Study on the Characteristic of Media Lawsuits by Public Figures and the Tendency of the Court Decisions in Korea: Focusing on the Decision about Defamation of Politicians and Senior Government Officials Since 1989 (공인의 미디어 소송 특징과 국내 판결 경향에 관한 연구: 1989년 이후 정치인 및 고위 공직자 명예훼손 판례를 중심으로)

  • Yun, Sung-Oak
    • Korean journal of communication and information
    • /
    • v.40
    • /
    • pp.150-191
    • /
    • 2007
  • Defamation lawsuits of public figures against media have been an issue since Roh government set in. Dissension between the government and media has probably acted as the key factor on this problem. Accordingly, arguments on the defamation lawsuits of public figures occurred the political issues such as opposition between the Progressive and the Conservative Parties or between the ins and the outs and showed the limits to suggest an appropriate judgment or solution. This study will analyze how the court makes its judgement on their rights and the limits by understanding the characteristic and the problem of defamation lawsuits made by senior government officials including a politician, the government, the president, and etc. As results, the defamation lawsuits of politicians and senior government officials showed specially noteworthy matters in salvation (damage suits), the amount claimed, court costs, ratio of winning lawsuits, and etc.
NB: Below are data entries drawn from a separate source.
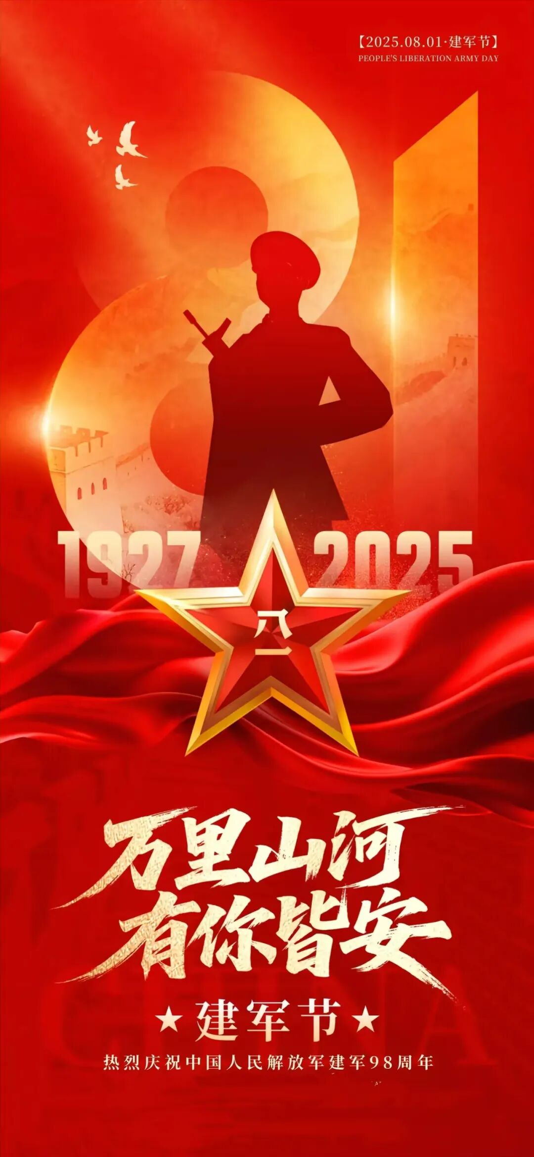 八一建军节到来之际,新疆宏达工程建设有限公司向所有可敬的军人——现役的守护者、退役的奉献者,以及默默支持的军属们,致以最热烈的节日祝福!感谢你们用忠诚与担当守护家国安宁,你们的精神激励着我们砥砺前行。祝节日快乐,安康顺遂!
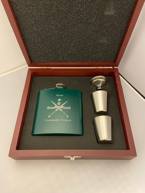 Roestvrijstalen heupfles met Korps embleem. Wordt geleverd met 2 kleine bekers en vuldop. De heupfles wordt gepresenteerd in een chique houten doos met uitgesneden foam.
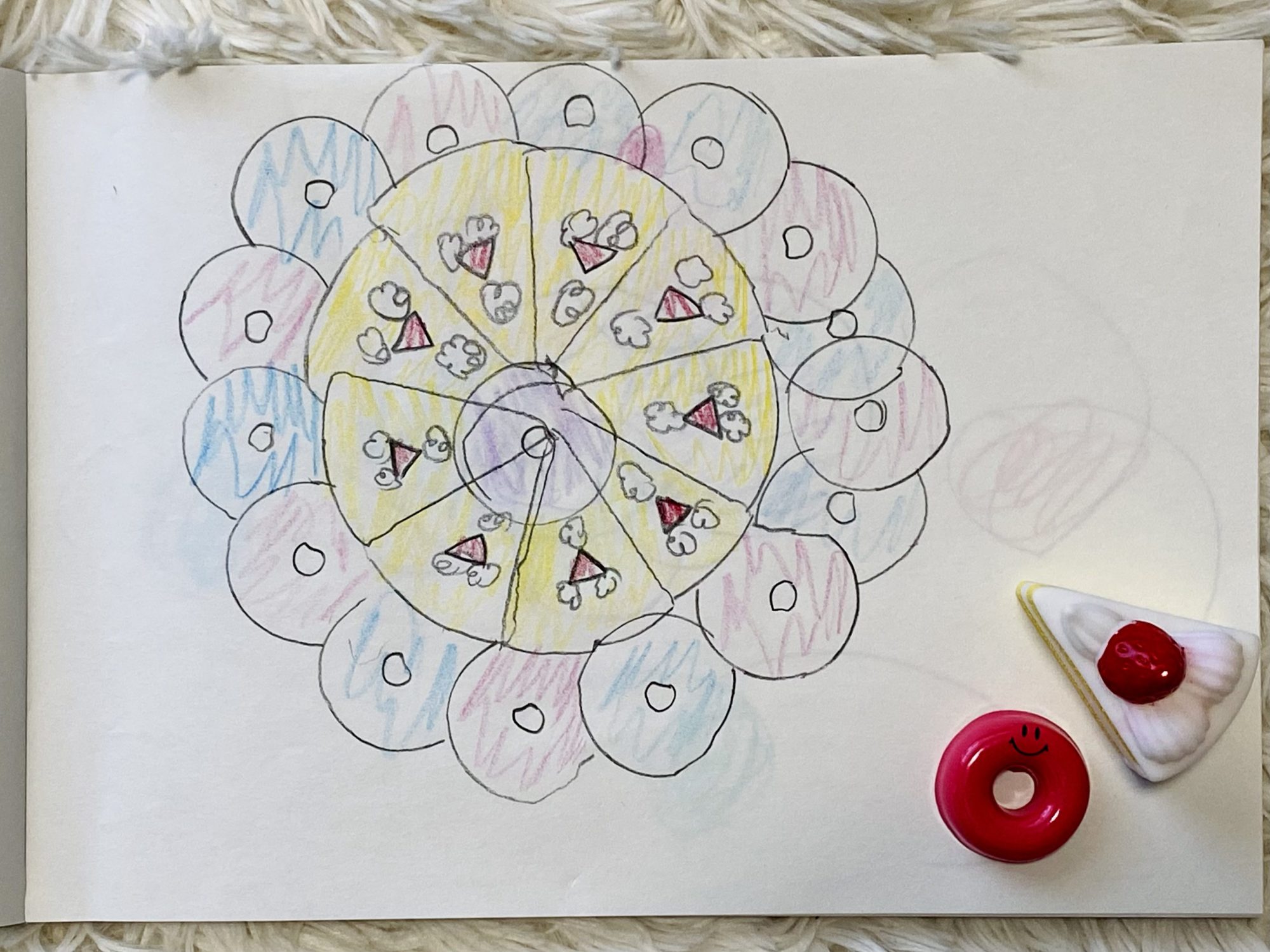 なるほど! おもちゃのケーキとドーナツの形をなぞって、絵をかいていったのですね! あ・た・ら・し・い!

The result on the tendency of the court decision showed the following matters in confusion: it holds the media responsible for the burden of proof by applying the inappropriate criterion; The applied laws, especially in the inferior court decision, do not show the consistency of the burden of proof between the misconception/ intention (malice)/ accident/ purpose of slander on the legal principles of public figures. Therefore, this study suggests the court to apply an appropriate law, let alone regulating the Anti-SLAPP law, so that it curtails the rights of public figures; limits the salvation of damage suit; and protects the right only in the case of false accusation by applying the existing law of "the Protection of the Deceased's Defamation Law." In order to dissolve the confusion when applying the laws on the public figures, the study insists the court to positively apply the Constitutional Court made criterion on "people" and "content." The study also insists to distinguish "intention(malice)," "accident," and "purpose of slander" and variant sorts of the burden of proof should be applied to each.